Material for this exercise –
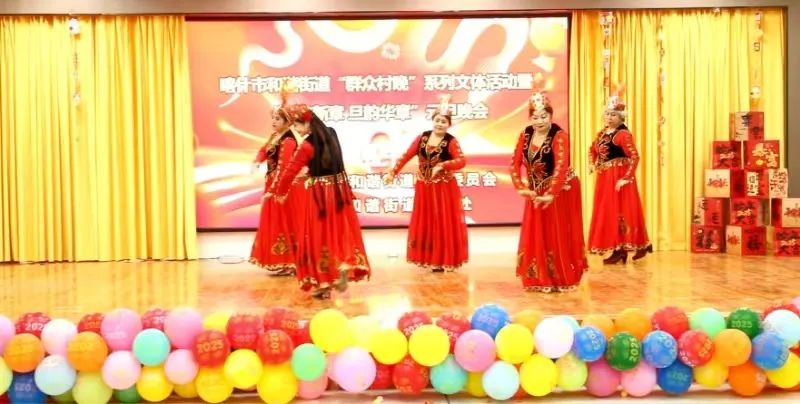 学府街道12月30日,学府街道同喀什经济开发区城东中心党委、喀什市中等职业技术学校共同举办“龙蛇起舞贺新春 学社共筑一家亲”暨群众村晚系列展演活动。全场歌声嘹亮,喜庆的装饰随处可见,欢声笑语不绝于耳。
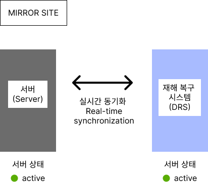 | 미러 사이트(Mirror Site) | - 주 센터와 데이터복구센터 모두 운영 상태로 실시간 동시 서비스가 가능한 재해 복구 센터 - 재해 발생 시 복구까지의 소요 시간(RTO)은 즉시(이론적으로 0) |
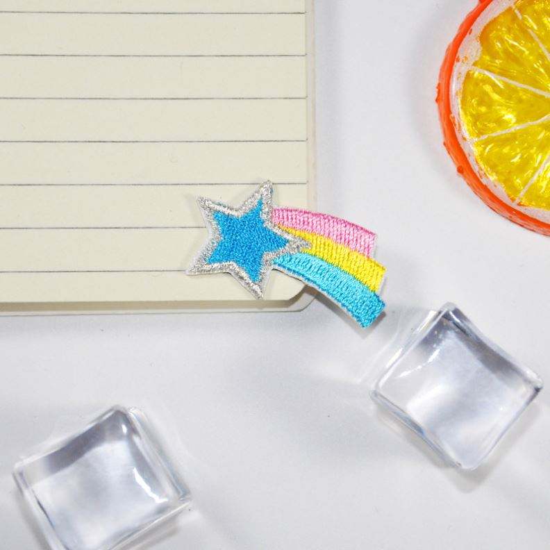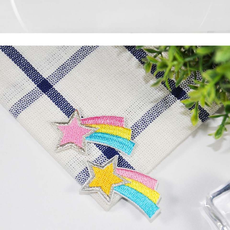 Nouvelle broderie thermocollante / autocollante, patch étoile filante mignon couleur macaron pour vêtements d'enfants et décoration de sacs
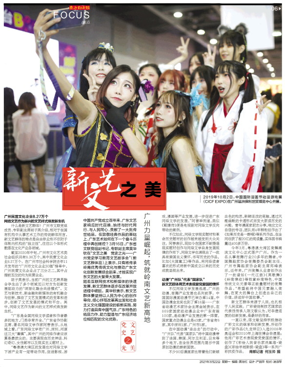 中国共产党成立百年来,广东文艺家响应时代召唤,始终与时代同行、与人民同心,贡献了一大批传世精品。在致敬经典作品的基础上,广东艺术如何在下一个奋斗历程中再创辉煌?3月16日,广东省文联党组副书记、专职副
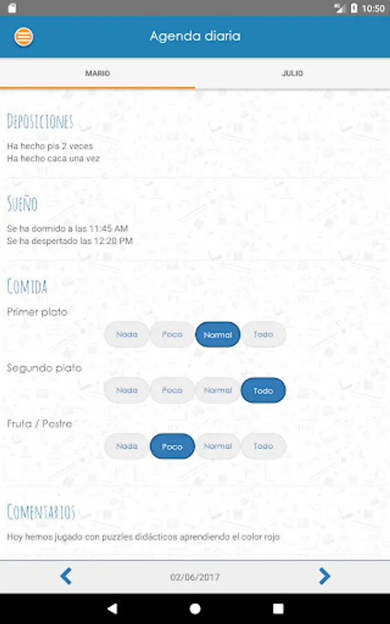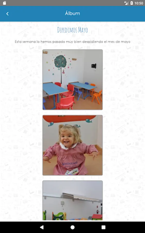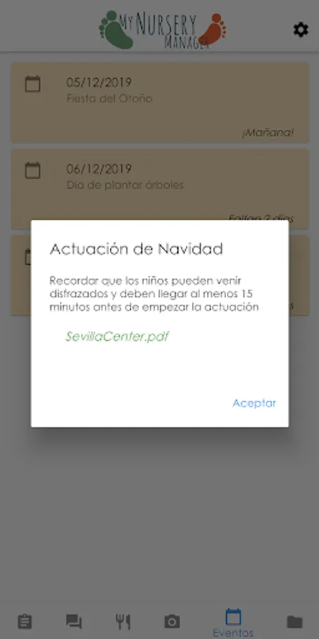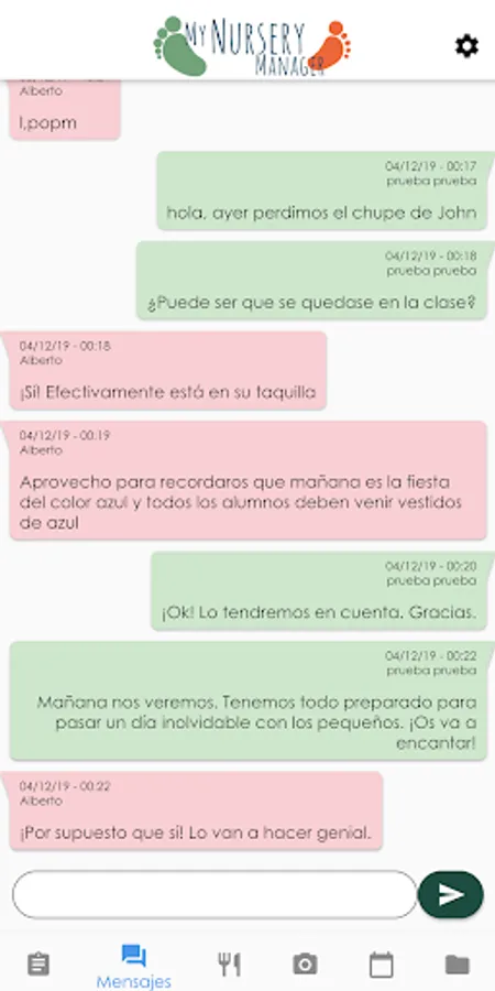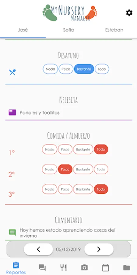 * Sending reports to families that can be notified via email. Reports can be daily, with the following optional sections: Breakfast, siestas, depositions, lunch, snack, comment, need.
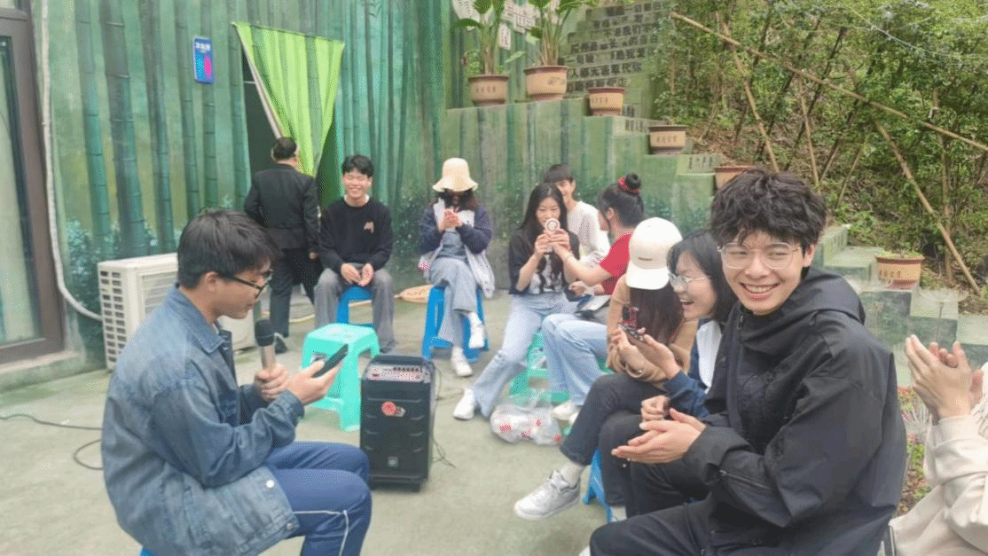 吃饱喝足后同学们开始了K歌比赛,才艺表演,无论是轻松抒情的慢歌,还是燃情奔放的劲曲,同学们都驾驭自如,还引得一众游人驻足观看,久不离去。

--

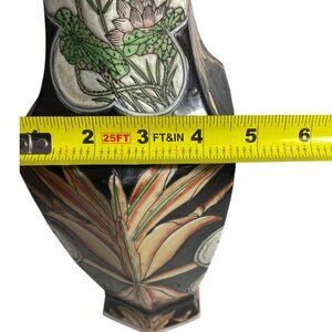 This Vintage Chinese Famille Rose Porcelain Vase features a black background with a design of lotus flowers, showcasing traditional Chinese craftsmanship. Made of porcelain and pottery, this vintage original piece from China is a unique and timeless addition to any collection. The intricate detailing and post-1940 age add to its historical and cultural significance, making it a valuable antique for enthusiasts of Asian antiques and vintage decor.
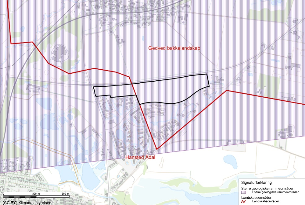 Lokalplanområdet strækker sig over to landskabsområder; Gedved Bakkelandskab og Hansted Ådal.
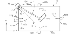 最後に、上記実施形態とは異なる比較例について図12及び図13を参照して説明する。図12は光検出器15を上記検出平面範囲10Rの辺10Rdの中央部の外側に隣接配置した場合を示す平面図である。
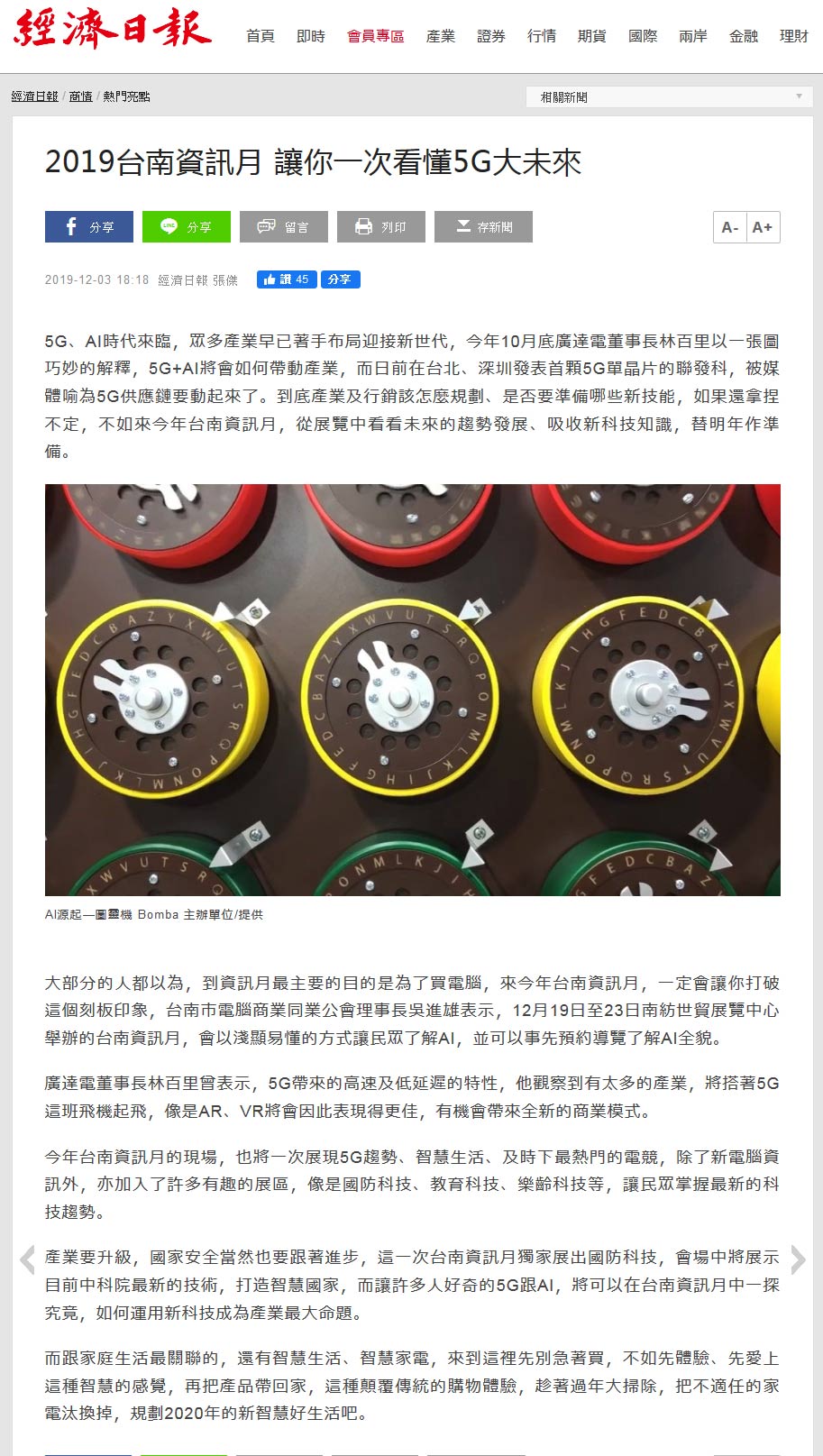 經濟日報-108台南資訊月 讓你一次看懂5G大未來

==

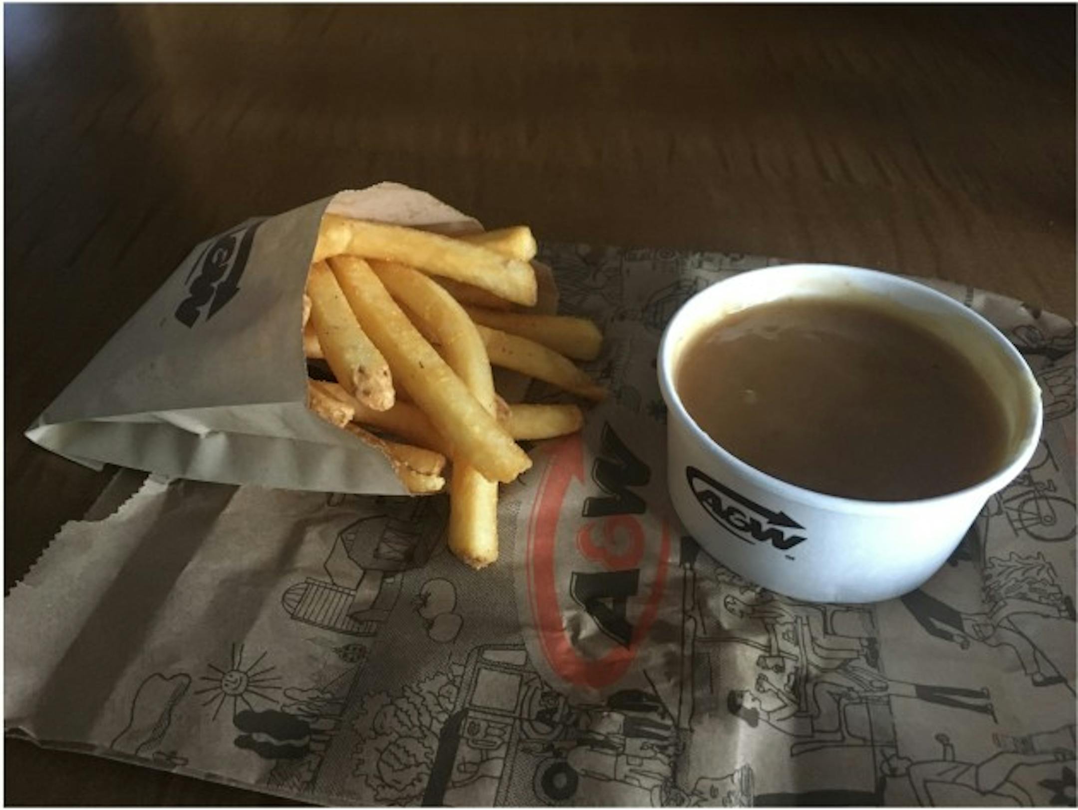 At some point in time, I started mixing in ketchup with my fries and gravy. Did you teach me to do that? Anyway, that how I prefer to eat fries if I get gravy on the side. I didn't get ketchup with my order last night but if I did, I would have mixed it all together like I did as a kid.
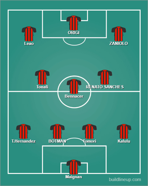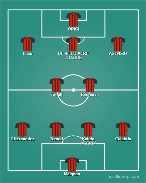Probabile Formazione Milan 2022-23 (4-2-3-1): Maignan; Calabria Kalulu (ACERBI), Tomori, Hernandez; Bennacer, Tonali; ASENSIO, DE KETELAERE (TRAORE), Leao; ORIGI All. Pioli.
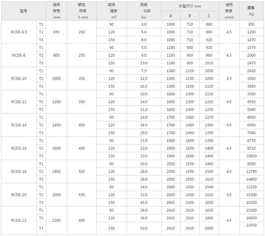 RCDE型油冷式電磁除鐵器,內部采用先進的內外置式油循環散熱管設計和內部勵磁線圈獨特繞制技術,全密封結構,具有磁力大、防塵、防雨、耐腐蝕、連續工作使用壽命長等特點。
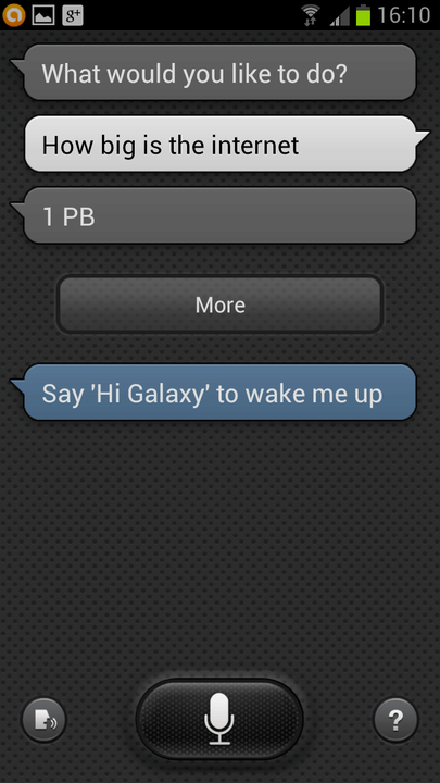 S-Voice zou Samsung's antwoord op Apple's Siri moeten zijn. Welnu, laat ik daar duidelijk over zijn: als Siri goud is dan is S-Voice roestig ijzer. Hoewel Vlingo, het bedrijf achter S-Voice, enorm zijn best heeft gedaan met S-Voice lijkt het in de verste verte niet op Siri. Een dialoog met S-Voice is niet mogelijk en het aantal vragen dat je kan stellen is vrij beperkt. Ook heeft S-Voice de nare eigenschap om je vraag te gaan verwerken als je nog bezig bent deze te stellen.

What needs to be done –
Look through the listing above for the line with "At some point" and the line with "S-Voice zou Samsung's". Write out exactly those lines and everything between, leaving out pictures.

Written solution –
 At some point in time, I started mixing in ketchup with my fries and gravy. Did you teach me to do that? Anyway, that how I prefer to eat fries if I get gravy on the side. I didn't get ketchup with my order last night but if I did, I would have mixed it all together like I did as a kid.
Probabile Formazione Milan 2022-23 (4-2-3-1): Maignan; Calabria Kalulu (ACERBI), Tomori, Hernandez; Bennacer, Tonali; ASENSIO, DE KETELAERE (TRAORE), Leao; ORIGI All. Pioli.
 RCDE型油冷式電磁除鐵器,內部采用先進的內外置式油循環散熱管設計和內部勵磁線圈獨特繞制技術,全密封結構,具有磁力大、防塵、防雨、耐腐蝕、連續工作使用壽命長等特點。
 S-Voice zou Samsung's antwoord op Apple's Siri moeten zijn. Welnu, laat ik daar duidelijk over zijn: als Siri goud is dan is S-Voice roestig ijzer. Hoewel Vlingo, het bedrijf achter S-Voice, enorm zijn best heeft gedaan met S-Voice lijkt het in de verste verte niet op Siri. Een dialoog met S-Voice is niet mogelijk en het aantal vragen dat je kan stellen is vrij beperkt. Ook heeft S-Voice de nare eigenschap om je vraag te gaan verwerken als je nog bezig bent deze te stellen.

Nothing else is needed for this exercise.